As both the coronavirus pandemic and the climate crisis provoke your anxieties, it’s important to remember all of the world’s wonderful possibilities. Which is why I present you: the impacts of nuclear war.
A large-scale nuclear war is a nightmarish scenario that could kill millions of people instantly. According to a new study out in the Proceedings of the National Academy of Sciences on Monday, even a relatively small nuclear conflict between India and Pakistan would surely bring about global famine.
“Indirect effects of even a ‘small’ or regional nuclear war could lead more fatalities due to food shortages than due to direct effects of the war,” Jonas Jägermeyr, a postdoctoral scientist at the NASA Goddard Institute for Space Studies who led the study, told Earther in an email.
The authors assessed the impact of a relatively modest nuclear conflict—just 50 nuclear detonations each from India and Pakistan, no biggie! Each country is actually thought to have 150 at their disposal. India and Pakistan also may well have bombs far bigger than the ones the scientists use in their assumptions.
“Today’s increasing arsenals and weapon sizes in South Asia render this a conservative overall estimate,” said Jägermeyr. Great.
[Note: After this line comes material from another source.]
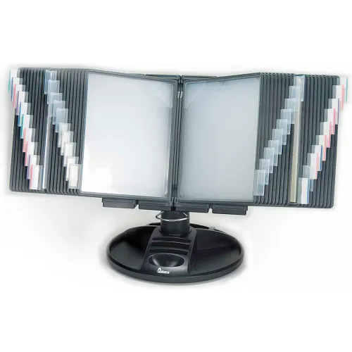 This rotating document stand has 40 pockets that swivel independently of the base to position pages where you want them. A chrome handle rotates the pages 360-degrees for optimum viewing. This high-volume document holder is built with a space-saving, 14" rotary supply base with molded compartments to organize business cards, notes, paper clips, pens, tape dispenser, stapler, and other accessories. The reference organizer includes 40 letter size pockets with 40 index tabs, displaying up to 80 pages of letter size reference sheets in transparent protective pockets. Great for displaying high-volume catalog pages and price lists. Assembly level/degree of difficulty: Easy.
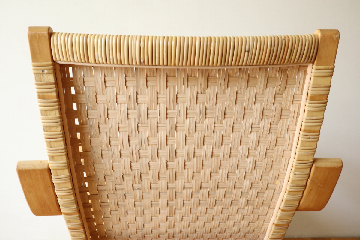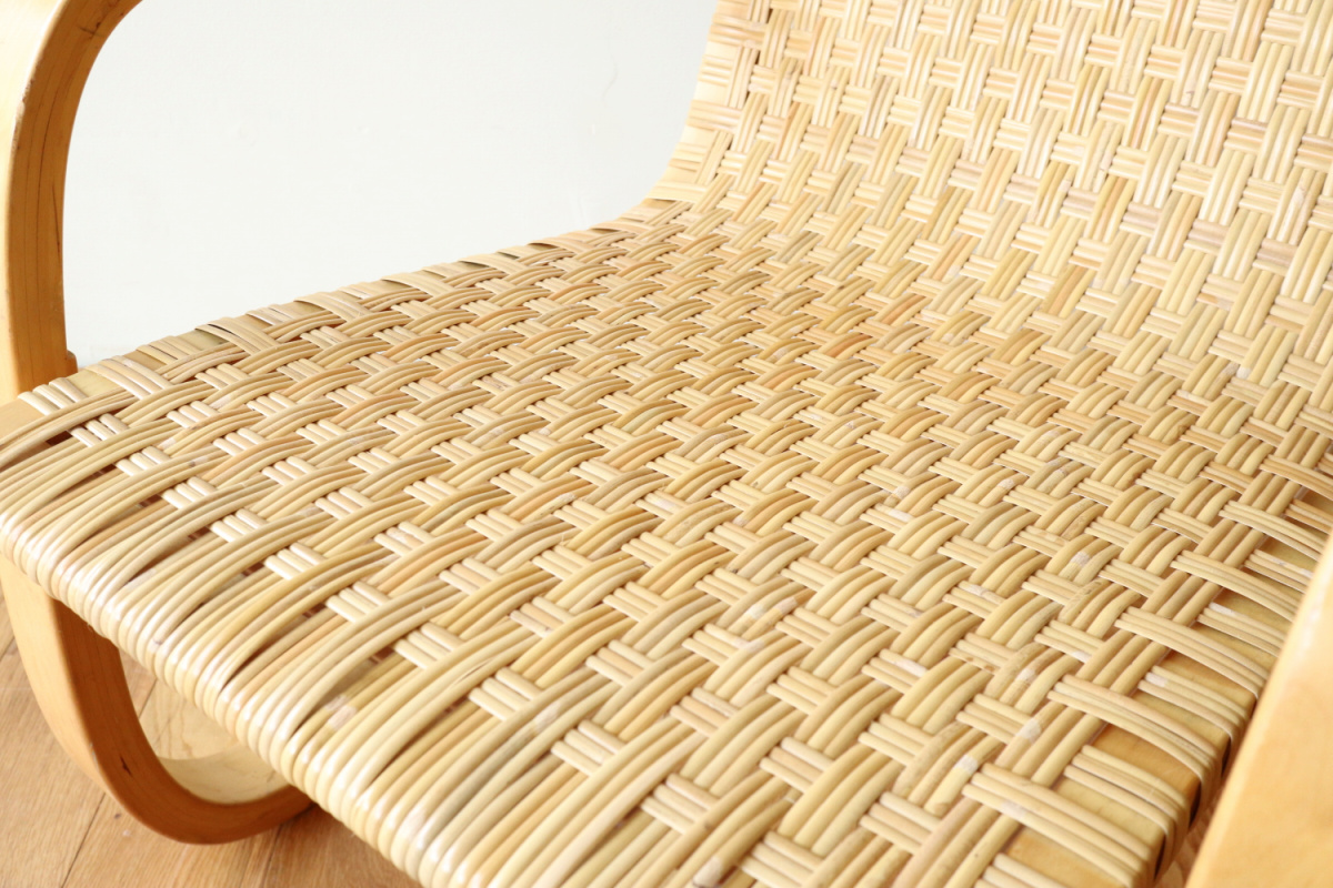 | 70-80年代のアームChair406です。 当店入荷後、新品の籐張に張り替えましたので将来的にも安心してお使いいただけます。 現行品よりも座面が低く、やや深く腰を掛ける感じになりますので、 よりリビングチェアとしての安楽性が良いかと思います。 現行品が約41cm、こちらは約36.5cmで、現行品とは全く別物の座り心地です。 夏はこのまま、冬はシープスキンなどを敷いてお使いいただいても良いです。 現在はウェービングテープ仕様しか生産しておらずましてや座面も高くなるので このスペックでの入手はなかなか難しいアイテムです。 |

Even under a conservative estimate, the explosions from detonating nukes would shoot a massive amount of black, powdery soot into the atmosphere, where the study suggests it would spread out globally and remain for 10 to 15 years. That soot would block out sunlight and cool the average surface temperature of the Earth by about 1.8 degrees Celsius for at least five years, making it impossible for many crops to grow.
“Slightly reduced temperature could be beneficial for some crops in the tropics, but the negative effects at higher latitude are much worse,” Jägermeyr said.
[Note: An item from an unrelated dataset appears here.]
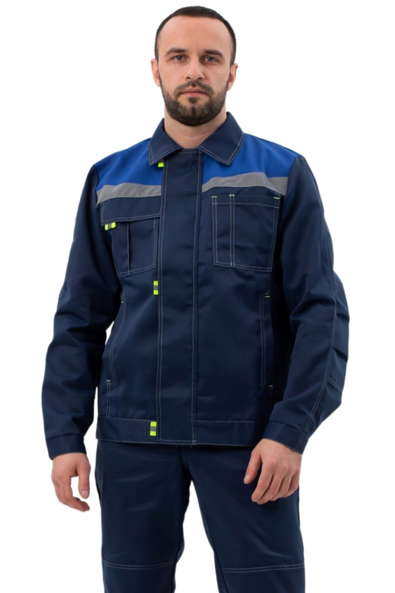 На линии груди два накладных кармана, правый с вертикальной застроченной складкой, левый с отделением для ручки. На нижней части полочки два кармана в рельефных швах.

In addition to lowering the temperature, the soot would also lower the amount of solar radiation reaching the Earth’s surface and, especially in higher latitude areas. That would create shifts in precipitation and reduce sunlight, both of which would harm crop productivity.
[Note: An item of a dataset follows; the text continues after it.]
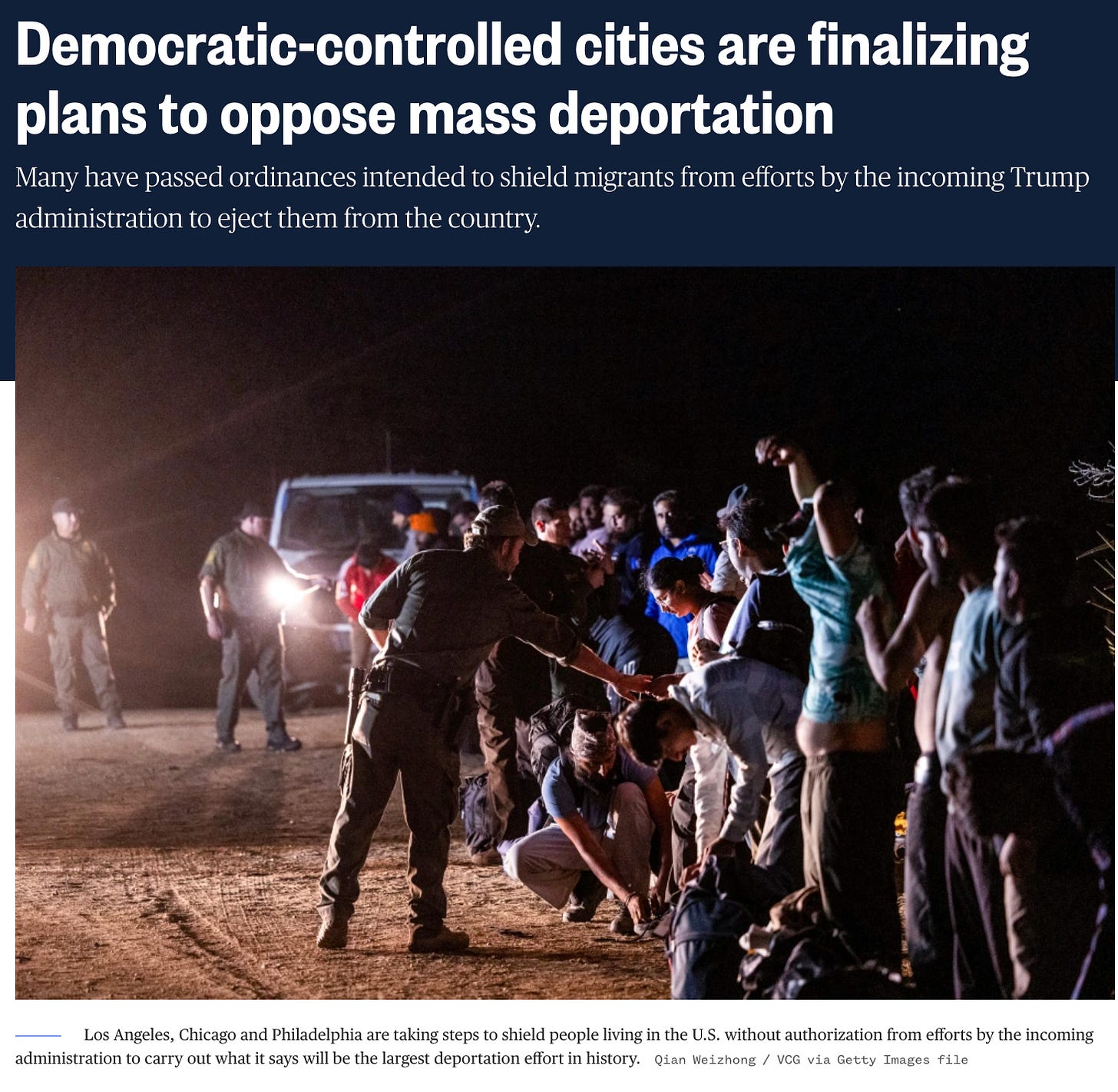 The cities of Los Angeles, Chicago and Philadelphia have vowed to shield people living in the U.S. without authorization from efforts by the incoming Trump administration to carry out what it has said will be the largest deportation effort in history.

Together with temperature, these three shifts in growing conditions would have the worst effect on crops in the world’s breadbasket regions in the north, including the U.S., Canada, Europe, Russia, and China, where temperatures are lower and growing seasons are shorter to begin with. The scientists project that production of the world’s four main cereal crops—maize, wheat, soybeans and rice—would drop by an average of 11 per cent over the five-year period after a theoretical small-scale nuclear war. The effects would then taper off, but full recovery wouldn’t be possible for another 5 or ten years after that.
Even though crops in northern regions would be hit hardest, the Global South, including Africa, the Middle East, and Latin America, would face much more hunger. Developing countries are dependent on exports from developed ones, which produce huge surpluses. If crop production plummeted, northern nations would likely impose export bans to protect their own populations. That means the losses in crop production would impact the entire global food trade system. The study projects that for five years, some 70 poor countries that are home to a cumulative population of 1.3 billion people would see food supplies fall by more than 20 per cent. Many of those countries such as Somalia, Niger, Rwanda, Honduras, Syria, Yemen and Bangladesh already face severe food insecurity, so the effects would be catastrophic.
The authors excluded India and Pakistan to avoid having to quantify the direct effects of the war. But the two nations both produce a considerable amount of the world’s rice, underscoring again just how conservative the study is.
For a small taste of what this could look like, Jägermeyr said to look at what coronavirus panic has done to resource availability. “We are looking at a different underlying cause here, but food availability constraints, panic buying, and price usury would also be a result of the nuclear conflict—only more severe and longer lasting, for multiple years,” he said.
The study is the first one to show that the effects of this sudden global cooling would actually be worse for global crop production than global warming. Since the cooling would be abrupt, there would be little time for food producers to adapt by, for instance, switching to other crops or developing more resilient plant varieties. In addition, while the current climate crisis mostly affects the tropics where little food is produced, this would hit the world’s breadbasket hardest.
Importantly, the report shows that there’s no way a nuclear conflict would have only local impacts.
“There is no such thing as a contained regional war,” said Jägermeyr.